Lorsque la fièvre commença à emporter Hugues, les décisions passèrent presque naturellement vers Martin. On lui demandait où placer les sentinelles, combien de chevaux détacher, quelle route prendre. Il renvoyait tout vers le capitaine jusqu'à ce que Hugues le traite d'imbécile.
« Une compagnie sent l'hésitation comme un cheval sent la peur. Les deux deviennent stupides s'il y en a trop. »
Martin avoua qu'il n'était pas prêt.
Hugues sourit faiblement.
« Les hommes dangereux sont ceux qui se disent prêts avant qu'on leur demande. »
Pendant les jours passés dans les marais de la Lys, les Lévriers comprirent ce que signifiait être déclaré hors-la-loi. Un paysan pouvait leur vendre du pain un matin et nier les avoir vus l'après-midi si un sergent royal arrivait. Une auberge acceptait leur argent mais refusait qu'ils dorment sous le toit. Les prêtres hésitaient à leur donner la communion.
Martin découvrit surtout que la légalité était un vêtement prêté par quelqu'un de plus puissant. La veille, il avait servi un capitaine français avec un contrat scellé.
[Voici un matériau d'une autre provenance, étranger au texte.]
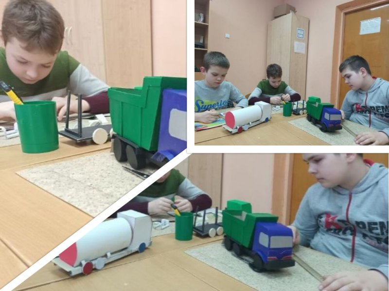 Ребята из объединения Начальное техническое моделирование занимаются своим любимым делом – моделированием авторских моделей транспортной техники. Сейчас мы работаем над проектом «Проектирование грузового автомобиля».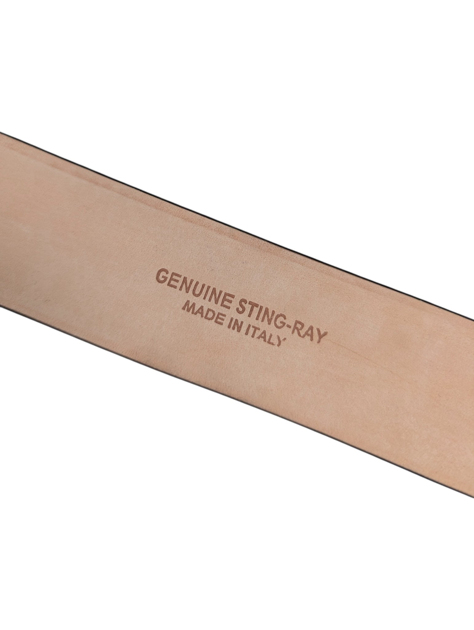 Exotic AMAL Stingray Leather belt in Charcoal Grey Caviar with Chrome Hearts Rolling Stones Lip & Tongue Buckle in .925 Silver. Compatible with Chrome Hearts and AMAL interchangeable buckle systems. Handmade in Italy.

Le lendemain, le même capitaine pouvait présenter son obéissance comme une preuve de trahison.
« Tu croyais que les parchemins protégeaient ? » demanda Hugues avant que sa fièvre ne l'emporte complètement.
« Ils devraient. »
« Ils protègent quand quelqu'un a intérêt à les respecter. C'est déjà mieux que rien. »
Martin conserva l'ordre d'arrestation trouvé sur le cavalier mort. Plus tard, il le plaça à côté d'un ancien contrat signé par Arnaud. Les deux portaient des sceaux officiels. Les deux racontaient des vérités incompatibles sur les mêmes hommes.
Cette paire de parchemins fut l'une des raisons pour lesquelles il insista ensuite sur les copies, les témoins et les lectures publiques. Un document seul pouvait être retourné. Plusieurs copies, connues de plusieurs communautés, résistaient mieux à la volonté d'un seul seigneur.
Les marais lui enseignèrent ainsi une leçon qu'il n'aurait jamais apprise sous Raoul : un homme sans protection juridique devait parfois fabriquer lui-même les conditions qui rendaient sa parole crédible.